Merill Company has not prepared financial statements for 3 years since December 31 2014.

During the 3-year period, cash receipts and cash disbursement were maintained and sales on account were

entered directly into an accounts receivable ledger.

However, no general ledger postings have been made since the December 31, 2014 closing.

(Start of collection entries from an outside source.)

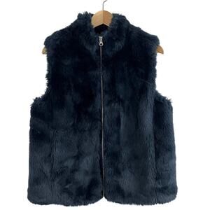 J. Crew Faux Fur Navy Blue Vest Women Size Medium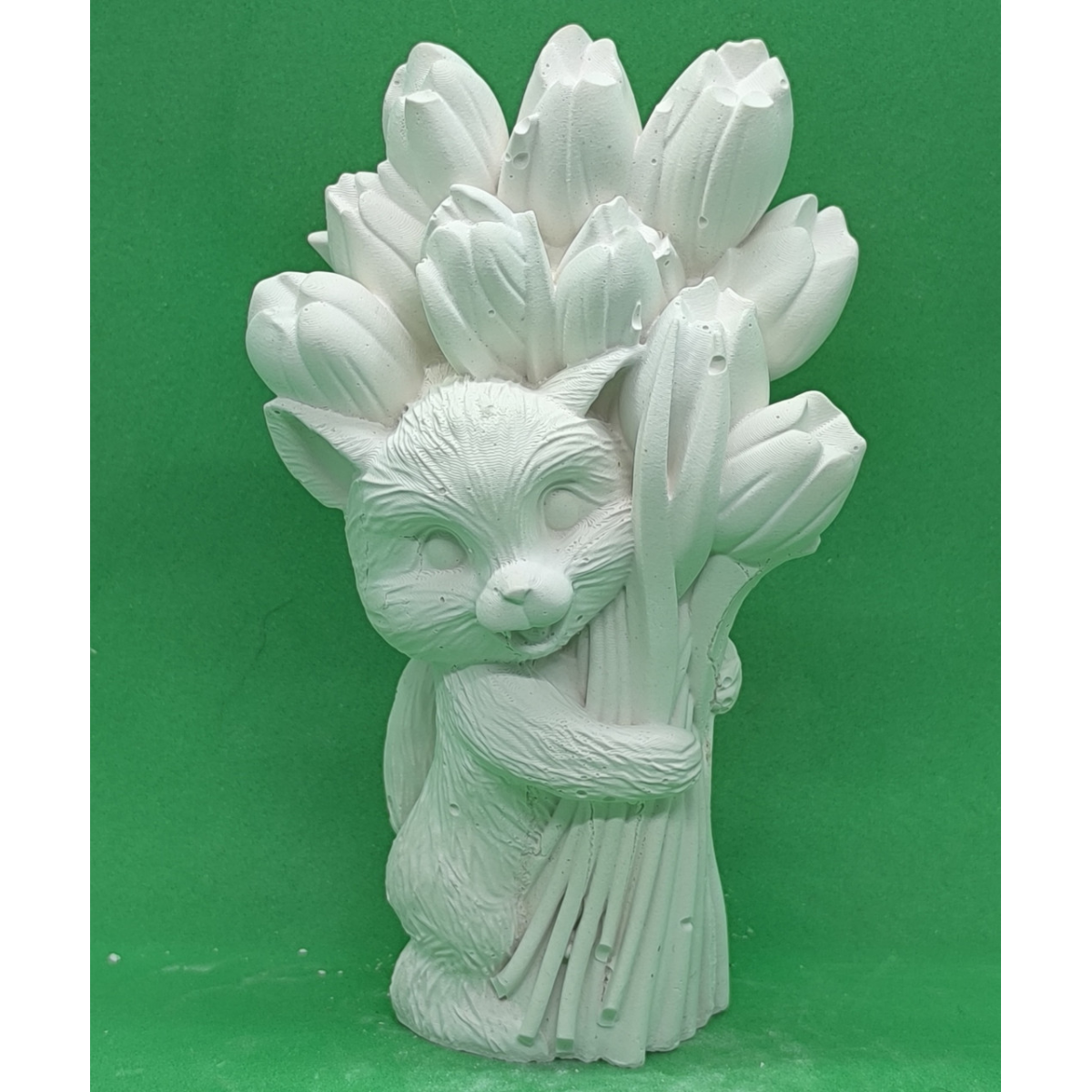 Гіпсова фігурка для розмальовування. Лисеня з тюльпанами.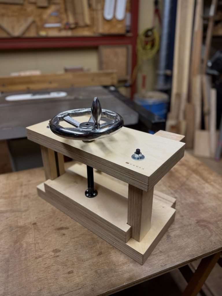 重量のある朝顔ハンドルを使用しているため、プレス板の昇降も遠心力が働き思いの外楽に動かせます。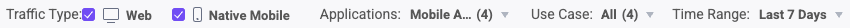 - Traffic Type: Filter by where the traffic came from, such as from web or native mobile applications.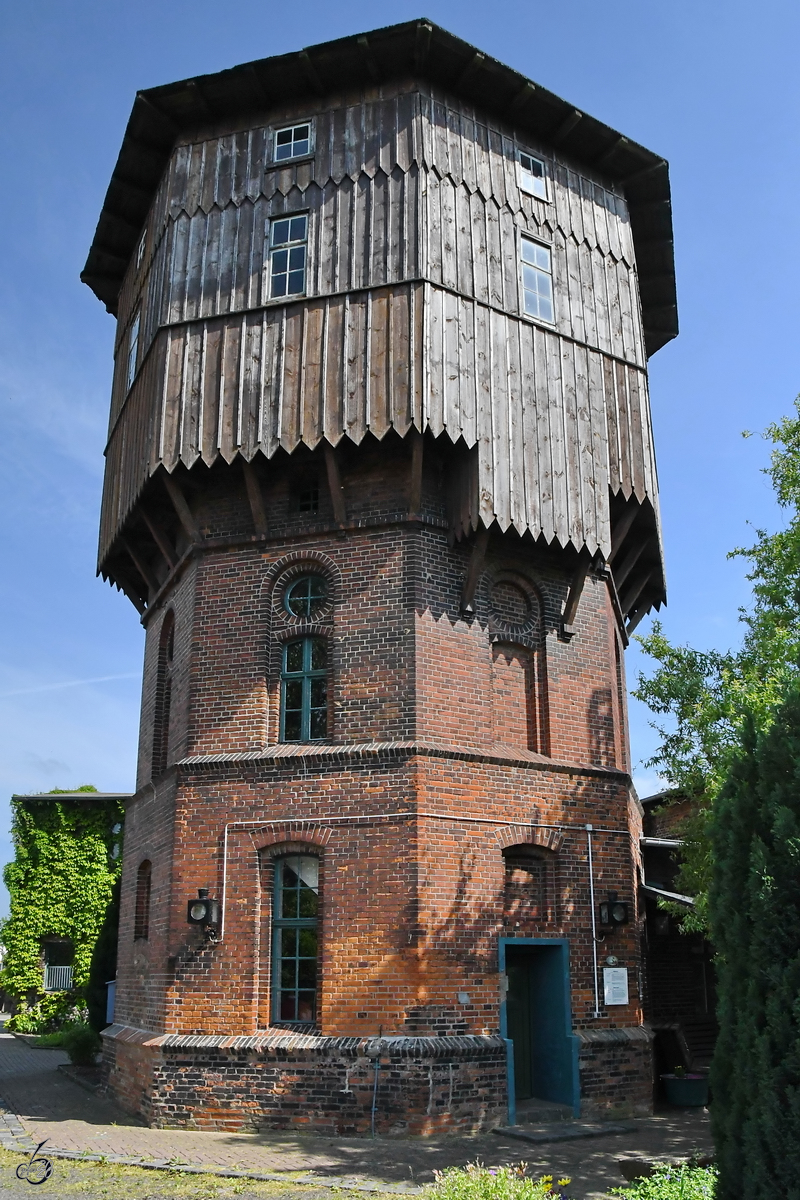 Der wunderschön erhaltene Wasserturm des Lokschuppen Pomerania, so gesehen Mitte Juni 2020 in Pasewalk.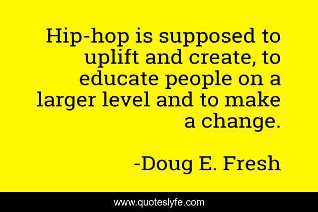 This page presents the quote "Hip-hop is supposed to uplift and create, to educate people on a larger level and to make a change.". Author of this quote is Doug E. Fresh. This quote is about create, hip-hop, people,.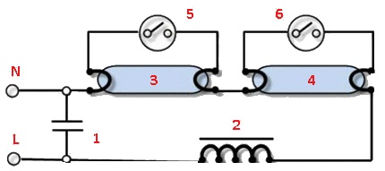Sur la base du même schéma, une solution est mise en œuvre avec le raccordement de deux lampes fluorescentes, une inductance et deux démarreurs. Certes, dans ce cas, il est nécessaire de sélectionner un réacteur de puissance en fonction de la puissance totale des appareils à gaz.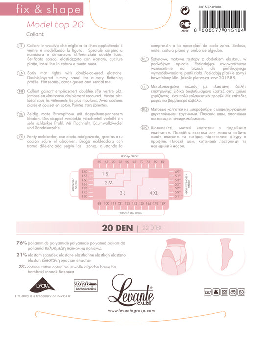 Levante Collant Every 20 denari Calze Linea Tuttonudo setificato opaco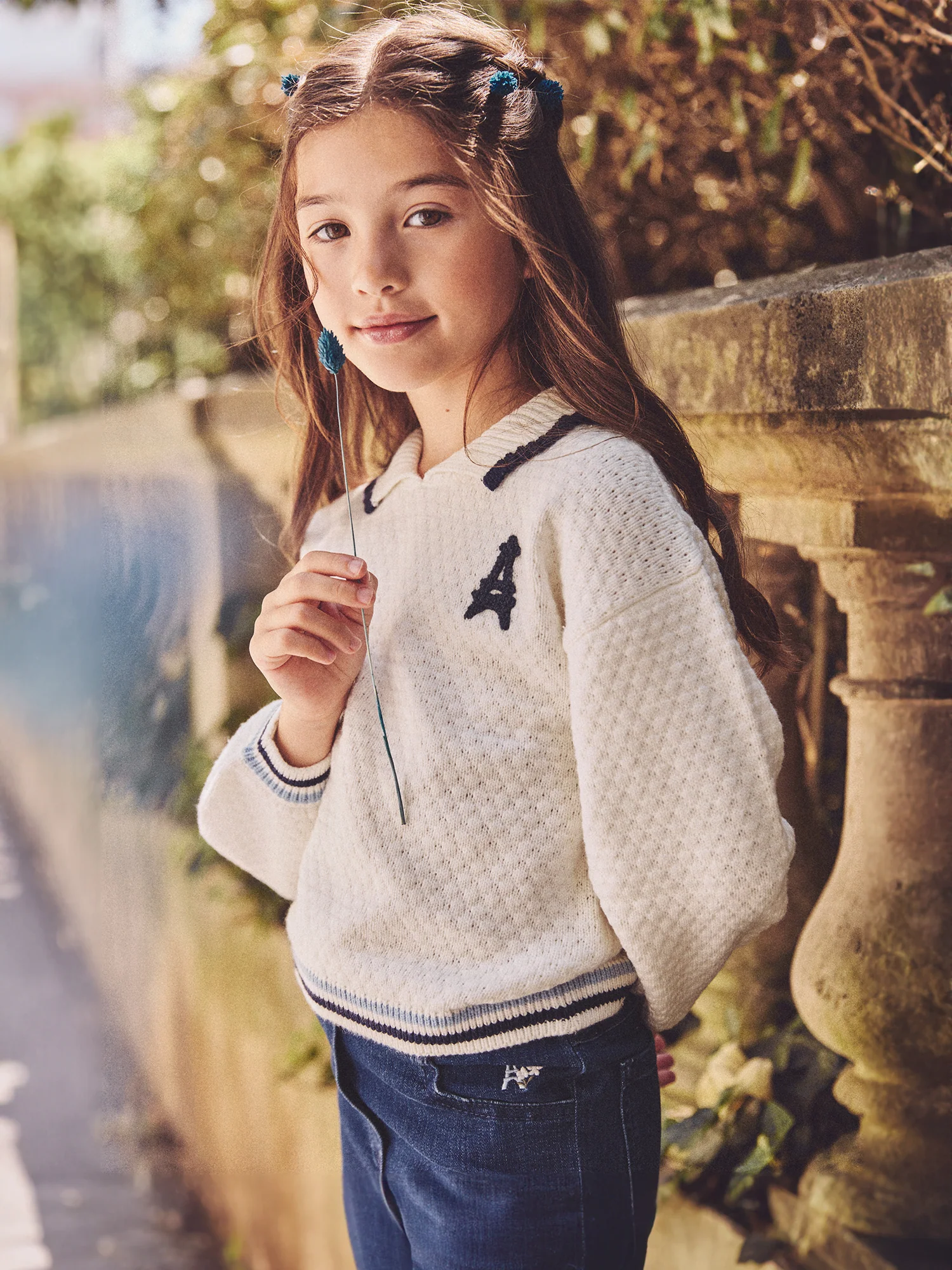 Conçu pour les petites élégantes des saisons fraîches, ce pull blanc en maille offre chaleur et douceur. Ses manches longues assurent un confort optimal. Les rayures aux bas des manches et du vêtement apportent une touche délicate et moderne.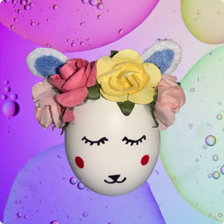 Individually painted wooden eggs with velvet ears, flower decoration and hand painted detailing.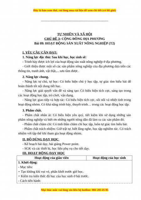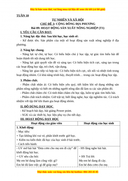 - Kể được tên. Sản phẩm của một số hoạt động sản xuất nông nghiệp ở địa phương. 2. Năng lực chung.

The examination of the records disclosed balances at the beginning and end of the 3-year period as follows:

December 31, 2014 December 31, 2017

Less than 1 year old 77, 000 141, 000

1 to 2 years old 6,000 9,000

2 to 3 years old 4,000

Over 3 years old 11,000

Total accounts receivable 83,000 165,000

Inventory 58,000 94,000

Accounts payable 25,000 55,000

No account balances were written off during the 3 year period. The ratio of gross profit to sales remains

constant from year to year. Other data available are:

2015 2016 2017

Cash received applied to

Current year 744,000 809,000 1,044,000

Accounts of prior year 67,000 75,000 84,000

Accounts of two years prior 3,000 2,000 10,000


Total collections 814,000 886,000 1,138,000

Cash sales 85,000 130,000 156,000

Payment of accounts payable 625,000 706,000 869,000

Required:

1. Compute total sales for each year, 2015, 2016, and 2017.

2. Compute total purchases for 2015, 2016, and 2017.

3. Compute total cost of goods sold for 2015, 2016, and 2017.

4. Compute gross profit for each year, 2015, 2016, and 2017.